▶ _Directions_
Write the entries out again exactly; any picture among them gets left out.

▶ _Material provided_
'''
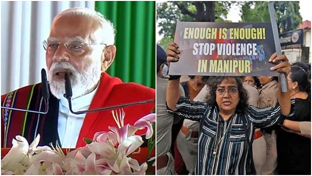 ಭಿತ್ತಪತ್ರ ಹಿಡಿದು ಪ್ರಧಾನಿ ವಿರುದ್ಧ ಘೋಷಣೆ ಕೂಗಿದ ಪ್ರತಿಭಟನಾಕಾರರು, ರಾಜ್ಯದಲ್ಲಿ ಶಾಂತಿ ಮತ್ತು ಸಹಜ ಪರಿಸ್ಥಿತಿಯನ್ನು ಪುನರ್ ಸ್ಥಾಪಿಸುವ ಉದ್ದೇಶದಿಂದ ಪ್ರಧಾನಿ ಭೇಟಿ ನೀಡಿಲ್ಲ ಎಂದು ಆರೋಪಿಸಿದರು. ಪ್ರಧಾನಿ ಕಾರ್ಯಕ್ರಮದ ಸ್ಥಳಕ್ಕೆ ಪ್ರತಿಭಟನಾಕಾರರು ತೆರಳದಂತೆ ಪೊಲೀಸ್ ಸಿಬ್ಬಂದಿ ತಡೆದರು.
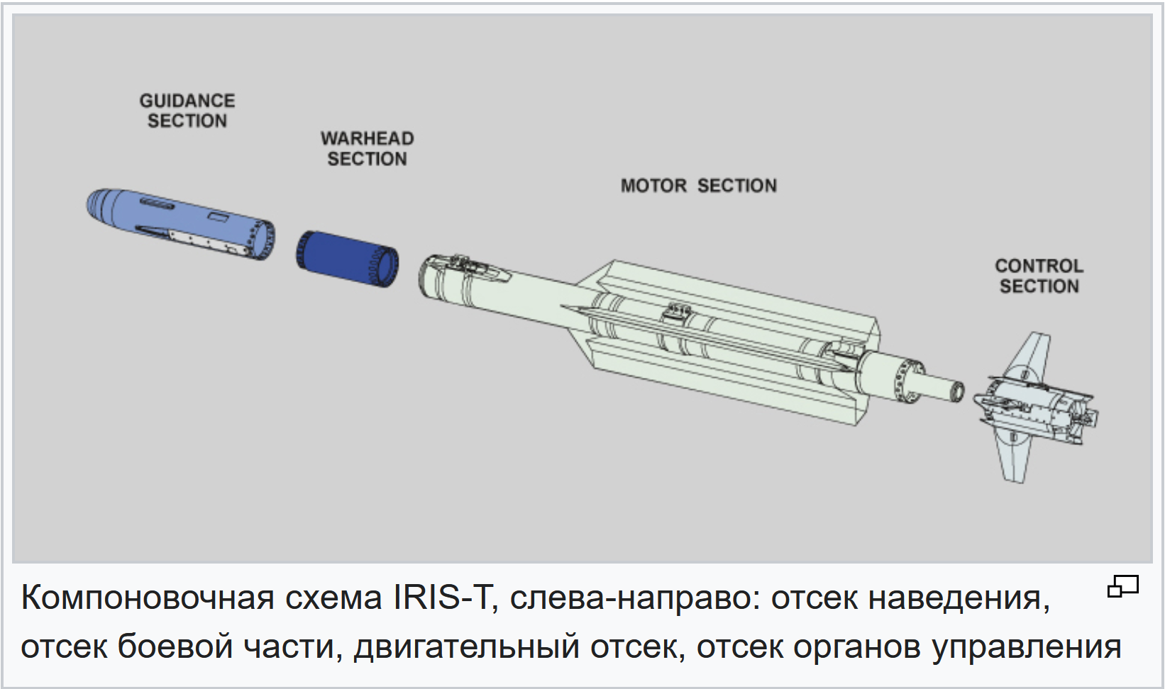IRIS-T (Infra Red Imaging System Tail/Thrust Vector-Controlled) представляет собой ракету класса «воздух-воздух» малой дальности, имеет на борту охлаждаемую инфракрасную головку самонаведения. Разрабатывалась 6 странами под руководством Германии, предназначалась для замены устаревшей AIM-9 Sidewinder (американская управляемая ракета «воздух—воздух» с инфракрасной головкой самонаведения, принятая на вооружение в 1956 году). Интересно, что IRIS-T конструкцию и компоновку практически переняла от японской ракеты Тип 04 AAM-5, производства Mitsubishi Heavy Industries.
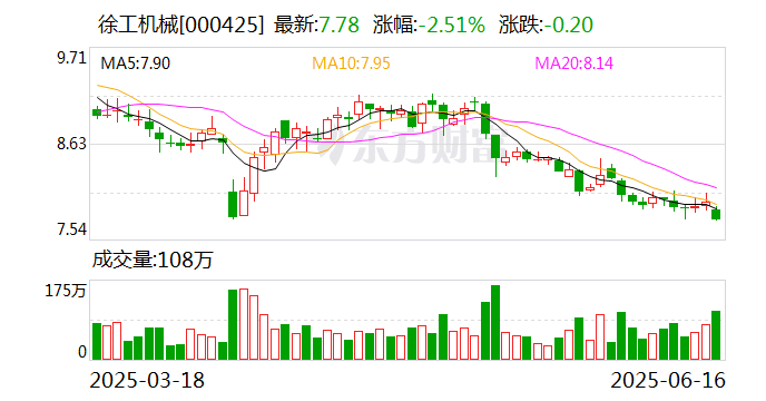 徐工机械主要从事土方机械、起重机械、桩工机械、混凝土机械、路面机械、高空作业机械、矿业机械、环卫机械、农业机械、应急救援装备和其他工程机械及备件的研制销和服务工作。2025年第一季度,公司实现营业总收入268.15亿元,同比增长10.92%;归母净利润20.22亿元,同比增长26.37%。
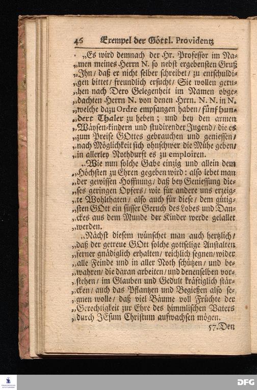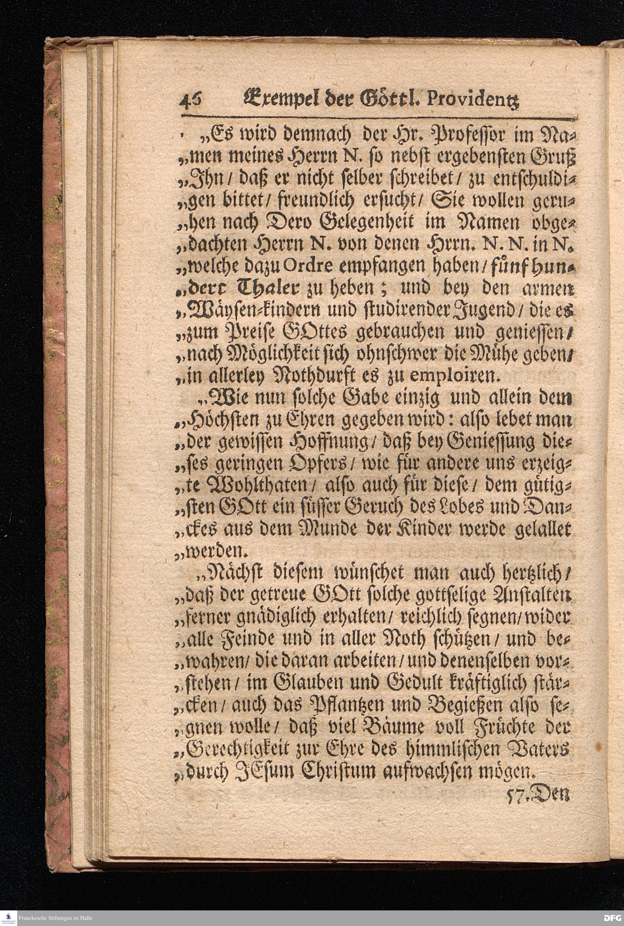 Die VI. Fortsetzung Der Wahrhaften und umständlichen Nachricht Vom Wäysen=Hause und übrigen Anstalten zu Glaucha vor Halle/ Bis zu Ende des Jahres Anno 1708. In einem abermaligen Send=Schreiben an den Hoch=Wohlgebohrnen Herrn, Herrn Carl Hildebrand, Freyherrn von Canstein, auf Canstein, Schönberg und Neukirchen ec. Erb=Herrn, abgefasset, Von August Hermann Francken/ S. Theol. Prof. zu Halle, und Past. zu Glaucha vor Halle. HALLE, im Wäysen=Hause. 1709
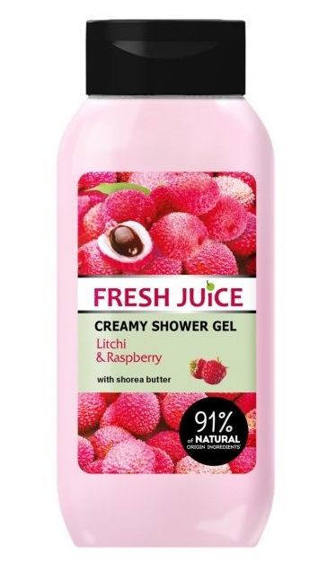 Fresh Juice krémový sprchový gél Litchi&Raspberry dokonale čistí pokožku a dodáva jej vitamíny, hladkosť, ale nevysušuje ju. Výťažok voňavej maliny a litchi posilňuje pokožku. Vitaminový komplex a výživné krehké maslo zanechávajú pokožku jemnú a hedvábnu. Zvodná aróma evokuje krásu a harmóniu zeme vychádzajúceho slnka. Objem balenia 400 ml.
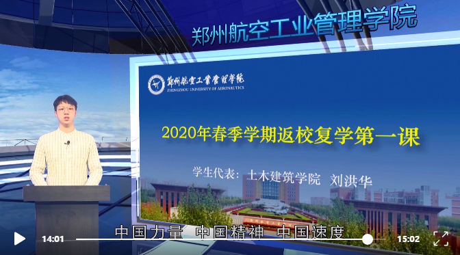 学校还组织返校学生观看了由河南省教育厅统一录制的全省高校“返校复学第一课”微课视频和特别录制的“河南省新冠肺炎疫情防控优秀大学生群体”成员、我校智能工程学院学生赵文赐先进事迹介绍等专题视频。
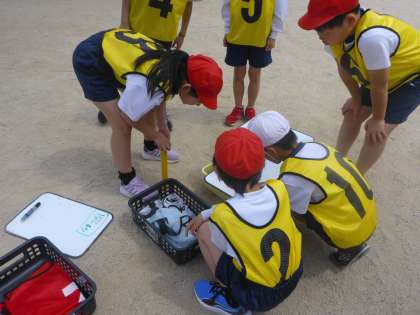 4年生では、体育科「リレー」を始めました。50メートルのタイムをもとに、自分たちの最速タイムを目指して、「テイクオーバーゾーン」の使い方をもとに、工夫して走っていきます!
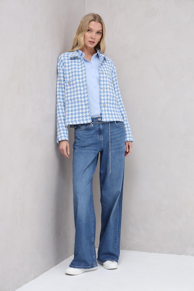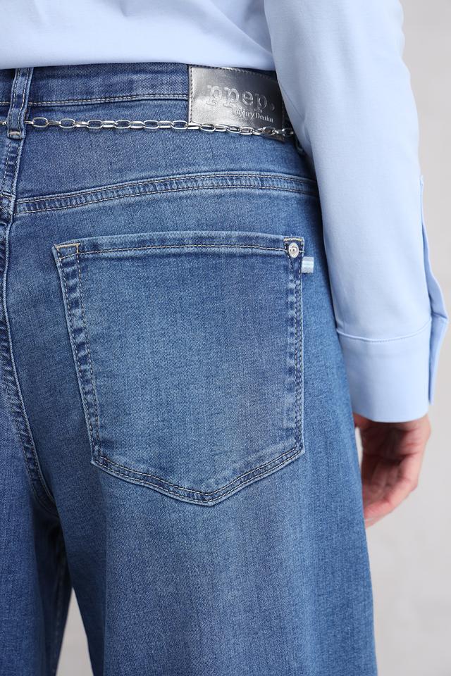 Голубые джинсы Ppep клеш с высокой посадкой и декоративной цепочкой на поясе. Модель выполнена из хлопка с добавлением эластана для комфорта и свободы движений. Состав: хлопок 98%, эластан 2%
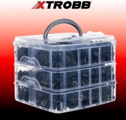 Alles ist übersichtlich in einer kompakten dreietagigen Box mit robusten Verschlüssen und Tragegriff verstaut. Getrennte Fächer sparen Zeit bei der Suche nach dem richtigen Typ. Für die schonende Demontage von Verkleidungen erhalten Sie 4 Kunststoffhebel und einen Metall-Clipentferner mit ergonomischem Griff, die das Risiko von Beschädigungen minimieren.
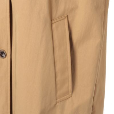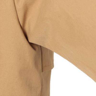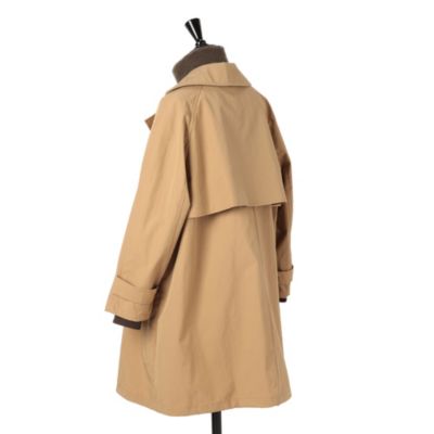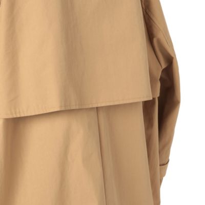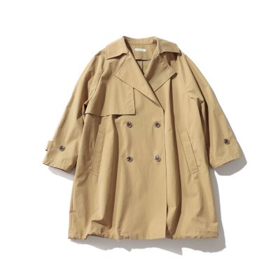 まずは、トレンチコートからご紹介。コットン70%、ナイロン30%という天然素材多めのほっとする着心地に、撥水加工をプラス。小雨に強く、汚れにくいから、明るいベージュでも天気を気にせず着られます。ほどよいハリもあるので、脱いで持ち歩いてもシワになりにくく、また羽織るときもパリッとスマート。シルエットは女性らしいAライン。テントのようにふんわり広がるオーバーサイズは、今っぽく見えるうえ、雨に降られてもボトムスが濡れにくいメリットもあります。
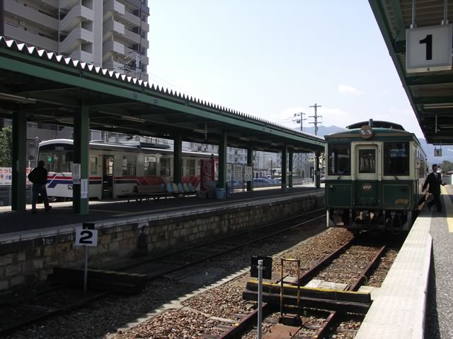 佐世保発列車の終点,伊万里駅。2002年の駅舎建て替えまでは,JR線とつながっていたそうだけど,今は道を隔てて駅共々分かれてしまいました。
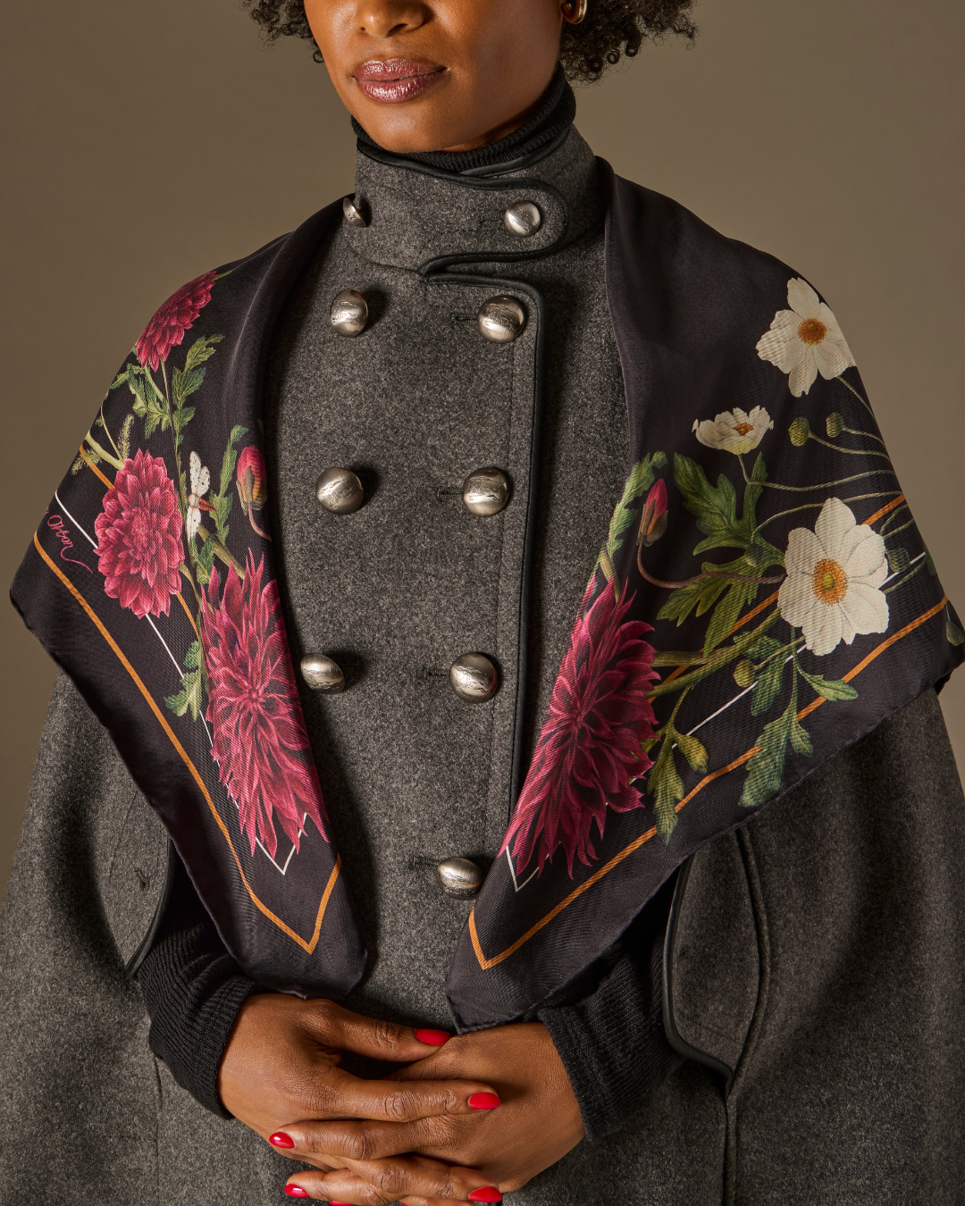 Exclusively part of the Sarah Flint x Mary Orton collaboration, this limited edition Bordeaux Floral Scarf features original handpainted artwork by Libby Bell. Autumnal florals including burgundy dahlias, white anemones, berries, and fern-like greens appear against a striking black background, blending natural beauty with structured geometry. Handmade in Lake Como, Italy from 100 percent silk, it is a story rich, versatile accessory perfect for adding a timeless accent to any outfit.
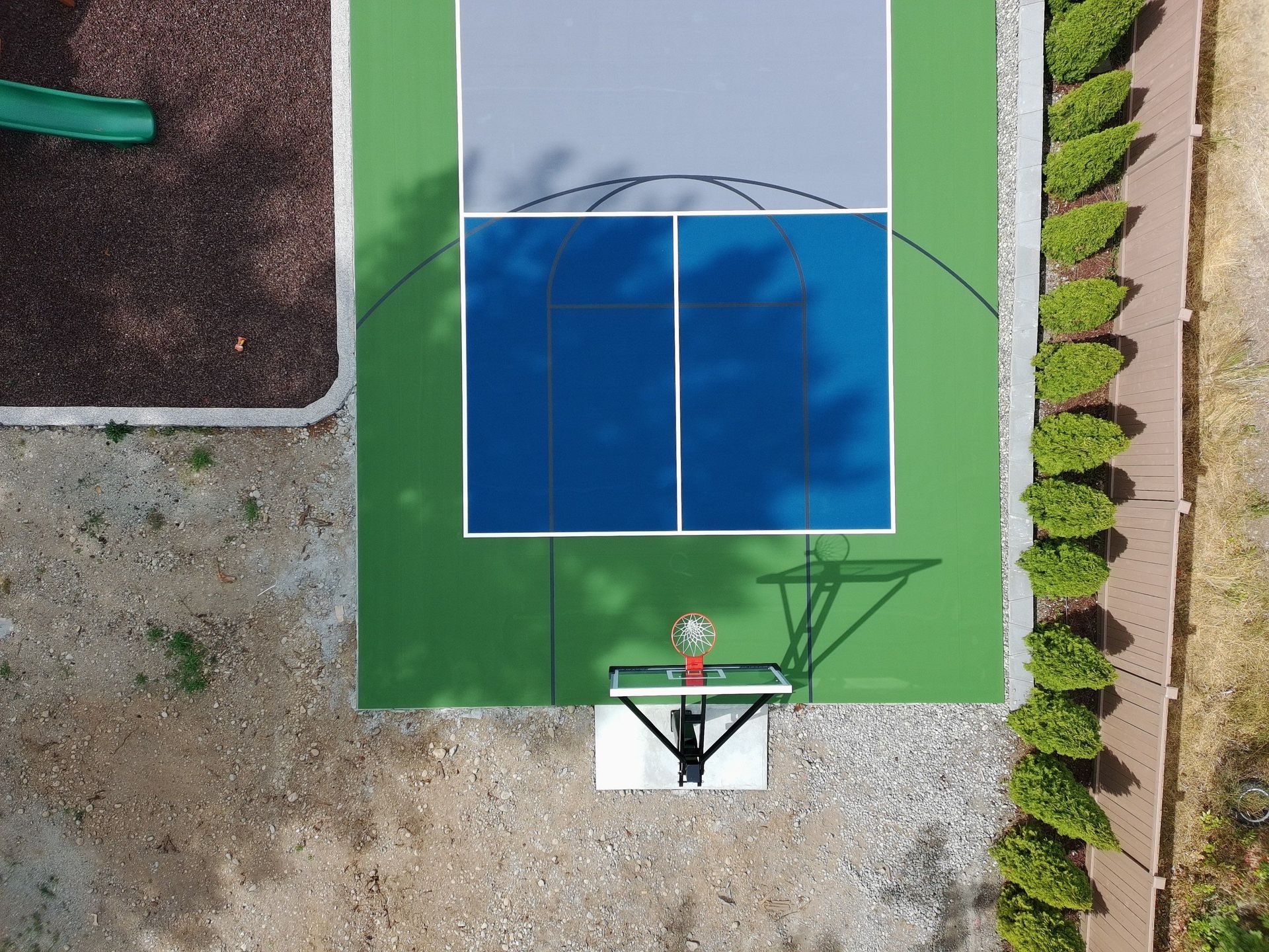 A standard pickleball court requires a minimum of 30' x 60' of space; however, we recommend 34' x 64' for an optimal play area and safety zones. We can also design modified courts for smaller spaces or multi-use courts that accommodate tennis and basketball.
'''
▶ _Result of the exercise_
 ಭಿತ್ತಪತ್ರ ಹಿಡಿದು ಪ್ರಧಾನಿ ವಿರುದ್ಧ ಘೋಷಣೆ ಕೂಗಿದ ಪ್ರತಿಭಟನಾಕಾರರು, ರಾಜ್ಯದಲ್ಲಿ ಶಾಂತಿ ಮತ್ತು ಸಹಜ ಪರಿಸ್ಥಿತಿಯನ್ನು ಪುನರ್ ಸ್ಥಾಪಿಸುವ ಉದ್ದೇಶದಿಂದ ಪ್ರಧಾನಿ ಭೇಟಿ ನೀಡಿಲ್ಲ ಎಂದು ಆರೋಪಿಸಿದರು. ಪ್ರಧಾನಿ ಕಾರ್ಯಕ್ರಮದ ಸ್ಥಳಕ್ಕೆ ಪ್ರತಿಭಟನಾಕಾರರು ತೆರಳದಂತೆ ಪೊಲೀಸ್ ಸಿಬ್ಬಂದಿ ತಡೆದರು.
IRIS-T (Infra Red Imaging System Tail/Thrust Vector-Controlled) представляет собой ракету класса «воздух-воздух» малой дальности, имеет на борту охлаждаемую инфракрасную головку самонаведения. Разрабатывалась 6 странами под руководством Германии, предназначалась для замены устаревшей AIM-9 Sidewinder (американская управляемая ракета «воздух—воздух» с инфракрасной головкой самонаведения, принятая на вооружение в 1956 году). Интересно, что IRIS-T конструкцию и компоновку практически переняла от японской ракеты Тип 04 AAM-5, производства Mitsubishi Heavy Industries.
 徐工机械主要从事土方机械、起重机械、桩工机械、混凝土机械、路面机械、高空作业机械、矿业机械、环卫机械、农业机械、应急救援装备和其他工程机械及备件的研制销和服务工作。2025年第一季度,公司实现营业总收入268.15亿元,同比增长10.92%;归母净利润20.22亿元,同比增长26.37%。
 Die VI. Fortsetzung Der Wahrhaften und umständlichen Nachricht Vom Wäysen=Hause und übrigen Anstalten zu Glaucha vor Halle/ Bis zu Ende des Jahres Anno 1708. In einem abermaligen Send=Schreiben an den Hoch=Wohlgebohrnen Herrn, Herrn Carl Hildebrand, Freyherrn von Canstein, auf Canstein, Schönberg und Neukirchen ec. Erb=Herrn, abgefasset, Von August Hermann Francken/ S. Theol. Prof. zu Halle, und Past. zu Glaucha vor Halle. HALLE, im Wäysen=Hause. 1709
 Fresh Juice krémový sprchový gél Litchi&Raspberry dokonale čistí pokožku a dodáva jej vitamíny, hladkosť, ale nevysušuje ju. Výťažok voňavej maliny a litchi posilňuje pokožku. Vitaminový komplex a výživné krehké maslo zanechávajú pokožku jemnú a hedvábnu. Zvodná aróma evokuje krásu a harmóniu zeme vychádzajúceho slnka. Objem balenia 400 ml.
 学校还组织返校学生观看了由河南省教育厅统一录制的全省高校“返校复学第一课”微课视频和特别录制的“河南省新冠肺炎疫情防控优秀大学生群体”成员、我校智能工程学院学生赵文赐先进事迹介绍等专题视频。
 4年生では、体育科「リレー」を始めました。50メートルのタイムをもとに、自分たちの最速タイムを目指して、「テイクオーバーゾーン」の使い方をもとに、工夫して走っていきます!
 Голубые джинсы Ppep клеш с высокой посадкой и декоративной цепочкой на поясе. Модель выполнена из хлопка с добавлением эластана для комфорта и свободы движений. Состав: хлопок 98%, эластан 2%
 Alles ist übersichtlich in einer kompakten dreietagigen Box mit robusten Verschlüssen und Tragegriff verstaut. Getrennte Fächer sparen Zeit bei der Suche nach dem richtigen Typ. Für die schonende Demontage von Verkleidungen erhalten Sie 4 Kunststoffhebel und einen Metall-Clipentferner mit ergonomischem Griff, die das Risiko von Beschädigungen minimieren.
 まずは、トレンチコートからご紹介。コットン70%、ナイロン30%という天然素材多めのほっとする着心地に、撥水加工をプラス。小雨に強く、汚れにくいから、明るいベージュでも天気を気にせず着られます。ほどよいハリもあるので、脱いで持ち歩いてもシワになりにくく、また羽織るときもパリッとスマート。シルエットは女性らしいAライン。テントのようにふんわり広がるオーバーサイズは、今っぽく見えるうえ、雨に降られてもボトムスが濡れにくいメリットもあります。
 佐世保発列車の終点,伊万里駅。2002年の駅舎建て替えまでは,JR線とつながっていたそうだけど,今は道を隔てて駅共々分かれてしまいました。
 Exclusively part of the Sarah Flint x Mary Orton collaboration, this limited edition Bordeaux Floral Scarf features original handpainted artwork by Libby Bell. Autumnal florals including burgundy dahlias, white anemones, berries, and fern-like greens appear against a striking black background, blending natural beauty with structured geometry. Handmade in Lake Como, Italy from 100 percent silk, it is a story rich, versatile accessory perfect for adding a timeless accent to any outfit.
 A standard pickleball court requires a minimum of 30' x 60' of space; however, we recommend 34' x 64' for an optimal play area and safety zones. We can also design modified courts for smaller spaces or multi-use courts that accommodate tennis and basketball.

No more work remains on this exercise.